KR19980021395A - Antistatic polyester resin composition and polyester prepared therefrom - Google Patents

Abstract

The present invention relates to an antistatic polyester resin composition and a polyester yarn prepared therefrom. The polyester resin composition of the present invention is prepared by adding polyalkylene glycol or a derivative thereof and an ionic organic compound to a predetermined amount of glycol. A water-in-oil emulsion is prepared by injecting it into a polyester polymerization process. When the resin composition thus prepared is melted and spun, the polyalkylene glycol or its derivative is uniform in the form of an independent island component with high orientation in the longitudinal direction. It is dispersed and formed to improve the ion conduction effect of the yarn, and since polyalkylene glycol or its derivatives and ionic organic compounds are introduced in the form of an emulsion, they have physical bonding strength, so that the antistatic agent is not detached even after a process such as weight loss, dyeing or washing. It is possible to produce an antistatic polyester yarn having durability.

Description

Antistatic polyester resin composition and polyester yarn prepared therefrom

The present invention relates to an antistatic polyester polymer composition, and more particularly, to an antistatic polyester polymer composition having excellent quality stability under reduced weight processing and laundry durability.

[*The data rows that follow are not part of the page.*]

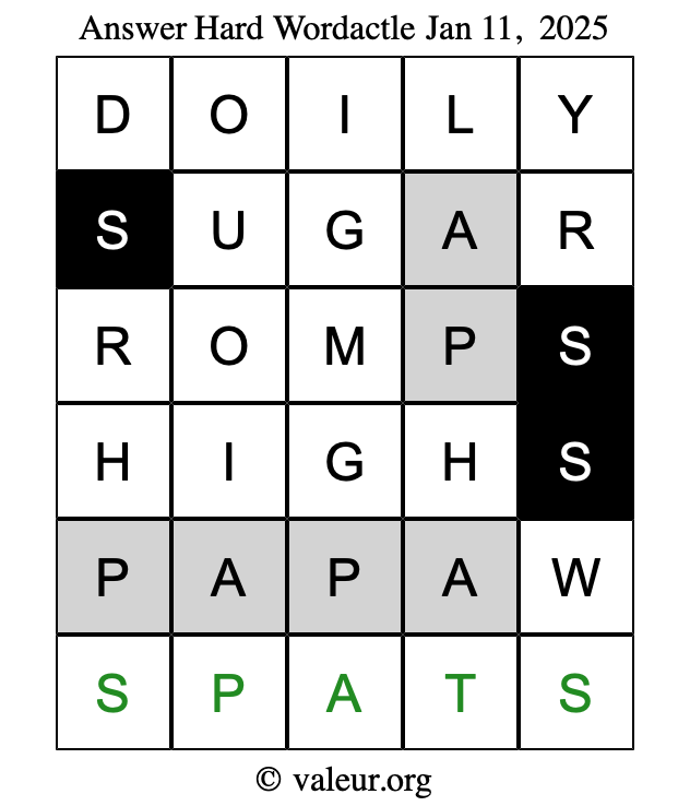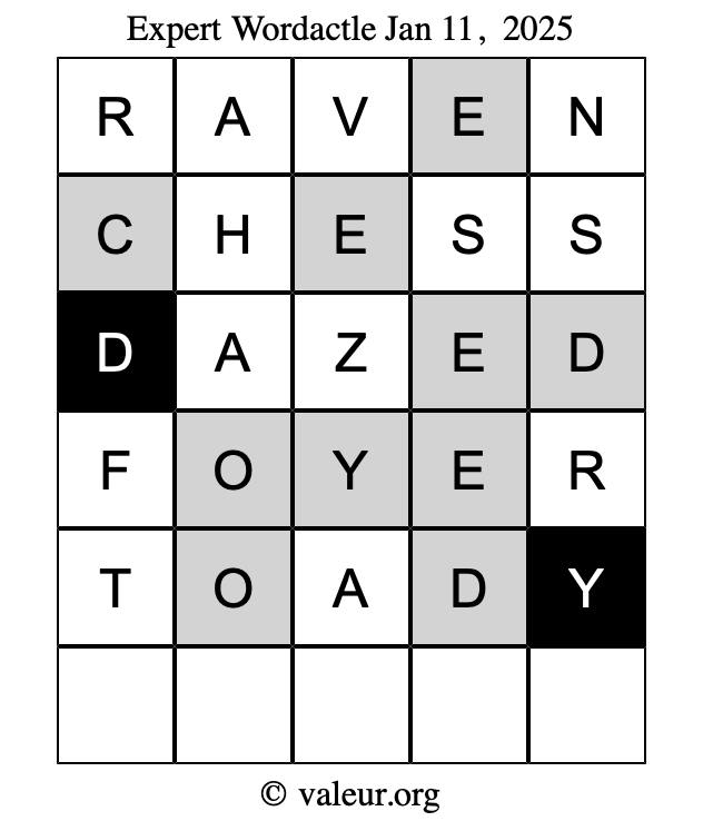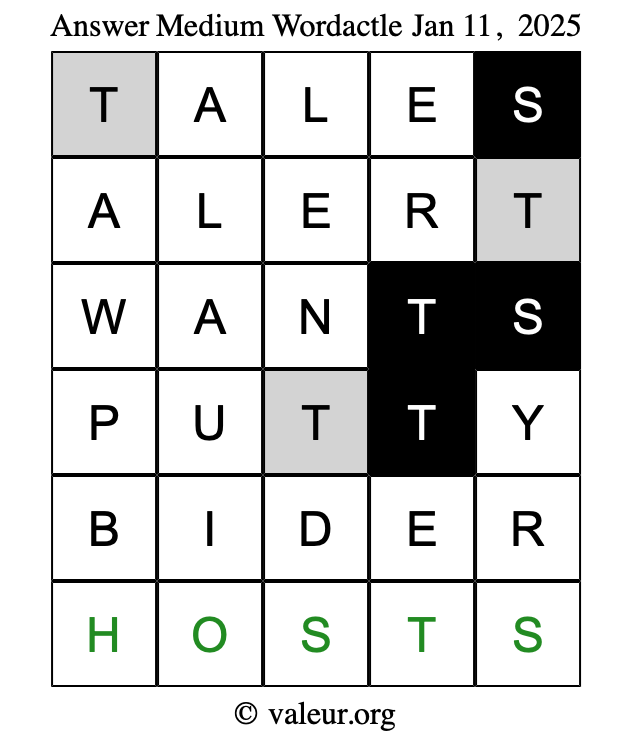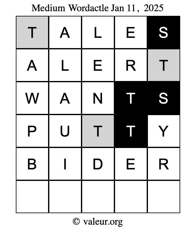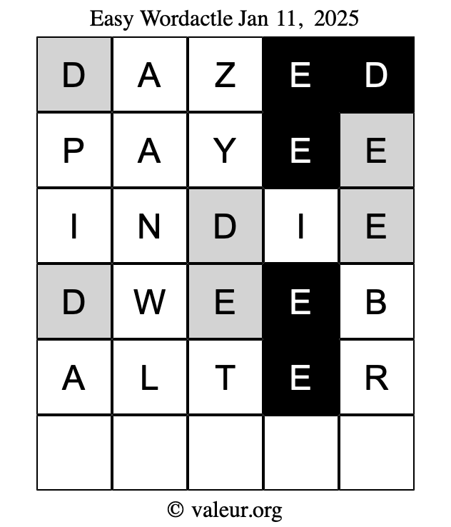 Here are the January 11, 2025 daily four Wordactle puzzles. You are welcome to print a copy of the puzzles and solve them by hand. For your convenience, we have also included the solutions further down the page so you can check your work.
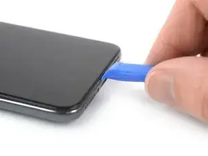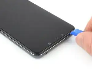 Проведите монтажным инструментом вдоль левого края телефона, чтобы освободить оставшиеся пластиковые защёлки.
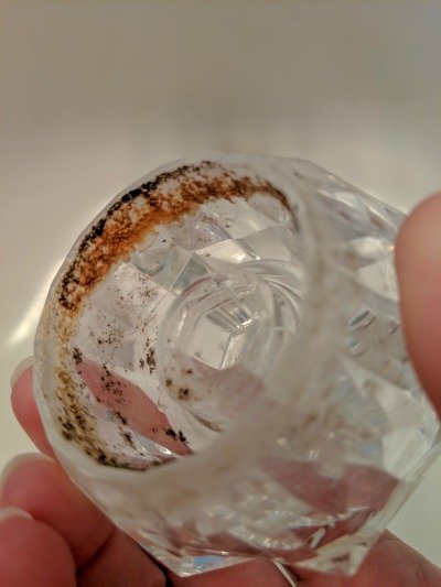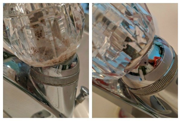 After the handle is finished soaking then take a power brush or old toothbrush (I love this power brush for cleaning) clean the inside it. All of the mold and calcium build up should just easily scrub away. Scrub the end cap too if it needs it.
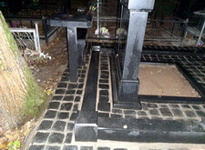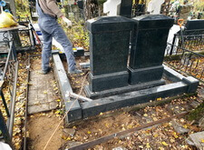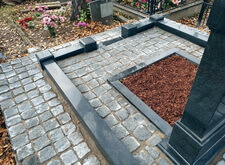 Укладка брусчатки внутри и снаружи могилы,
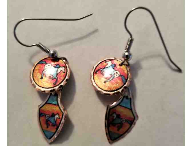 Artist Lynn Bean is renowned for capturing the soul of the horse in pretty, watercolor hues. These dramatic earrings feature a horse running on both the shield and arrow. Feather-light in copper with diamond-cut trim. Hypo-allergenic surgical steel French hooks.
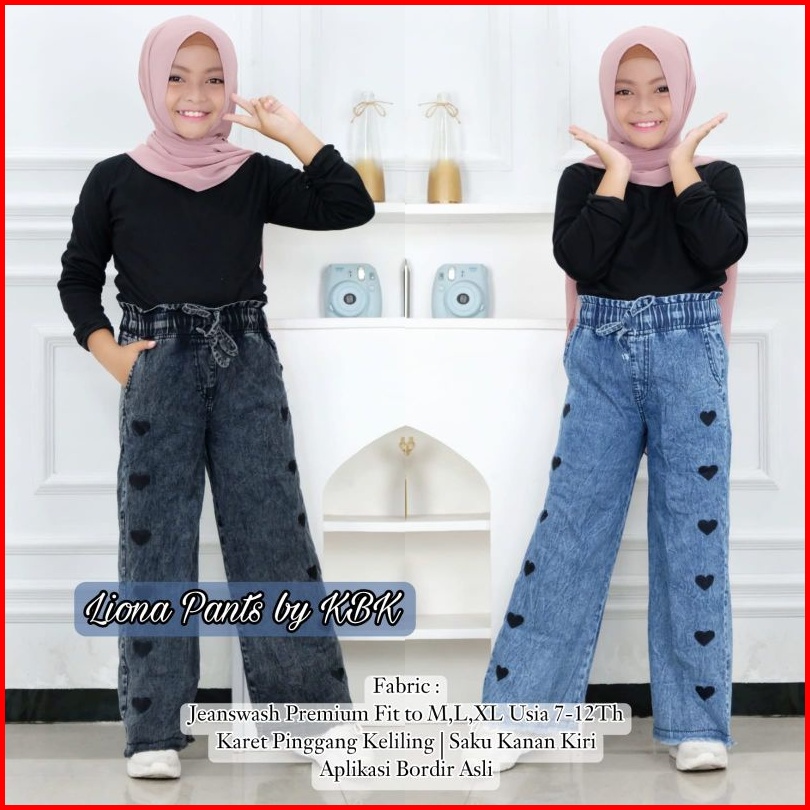 Kulot Panjang Anak Perempuan Celana Jeans Bordir Usia 7 Sampai 12tahun
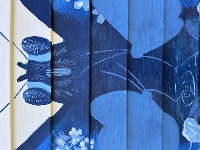 This mural shows the full lifecycle of this incredible butterfly who feeds on keystone tree species like oaks and cherries as a caterpillar. It even rolls itself in a leaf to overwinter, called a hibernaculum. I painted leaves being eaten, by the caterpillar who looks like bird poop. It is related to the White Admiral butterfly and a mimic of the Pipevine Swallowtail.
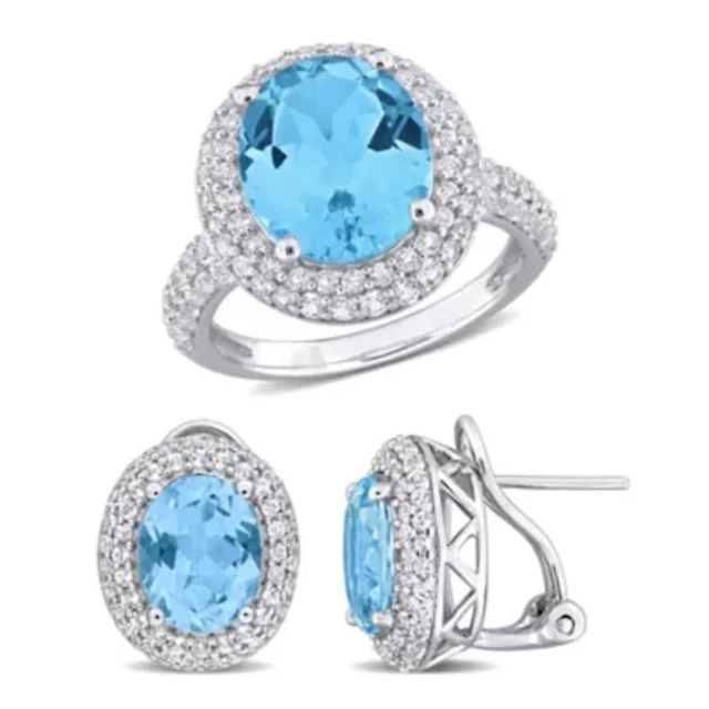 2-Pc Set of Sky Blue & White Topaz Double Halo Ring Earrings Sterling Silver
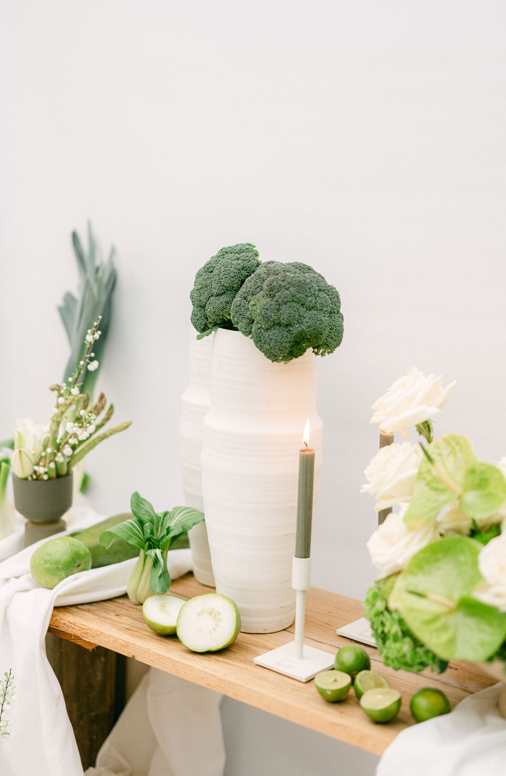 Exit les décors figés et sans âme. En 2025, les shootings floraux mettent à l’honneur la richesse des textures et l’opulence végétale. Les roses s’entrelacent avec les artichauts, les anthuriums s’amusent aux côtés des grappes de raisin, tandis que les choux se transforment en véritables sculptures organiques. Fruits et légumes deviennent des alliés esthétiques, apportant du volume, de la couleur, une touche d’originalité , voire d’humour , à chaque composition florale.
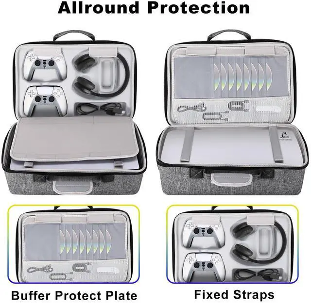 Large Capacity: Measured 17" x 12" x 10.5", weight 3.63 lbs. This hard case for PS5, PS5 Pro has two large compartments. One with sturdy safety straps to protect the 5 console perfectly. The other one with standard grooves for the dual controller, handle charge base, and headsets. This hard shell case for PS5 is available with disc & digital versions.

As a method of imparting antistaticity to a polyester, there exists a method of mixing a polyalkylene glycol or its derivative (s) with a polyester matrix, or the method of mix | blending an ionic organic compound with this (Japanese Unexamined Patent Publication No. 39-5214, 44-31828, 47-11280, 47-10246).

However, in order to obtain the antistatic fiber through the conventional melt spinning by including the above antistatic agent in the polyester, a large amount of the antistatic agent must be included. In this case, since the excellent property of the polyester is impaired, the poly The amount of antistatic agent contained in the ester should be less than 5% by weight.

In addition, antistatic agents such as polyalkylene glycol, which have been conventionally used, are easily detached from the polyester matrix by alkali reduction, dyeing process, or washing so that the antistatic durability is poor and the hydrophobicity of the antistatic agent is increased to prevent the antistatic property itself. Has the disadvantage of greatly deteriorating.

The present invention overcomes the problems of the prior art, and has a sufficient antistatic property even at an amount of less than 3% by weight of the antistatic agent, and is capable of producing an antistatic fiber having excellent quality stability and wash durability under weight reduction processing. It is for that purpose to manufacture.

The antistatic polyester resin composition of the present invention for achieving the above object is a fixed amount of 0.1 to 5 parts by weight of polyalkylene glycol or derivatives thereof and 0.1 to 3 parts by weight of an ionic organic compound relative to 100 parts by weight of the total polyester resin composition. A water-in-oil emulsion prepared by adding to the glycol in advance and stirring is prepared during the polyester polymerization process.

Hereinafter, the present invention will be described in detail.

The polyester matrix used in the present invention is an aromatic polyester having an aromatic ring in a repeating unit of the polymer, a combination obtained through the reaction of a bifunctional aromatic acid or its ester forming derivative with glycol or its ester forming derivative to be.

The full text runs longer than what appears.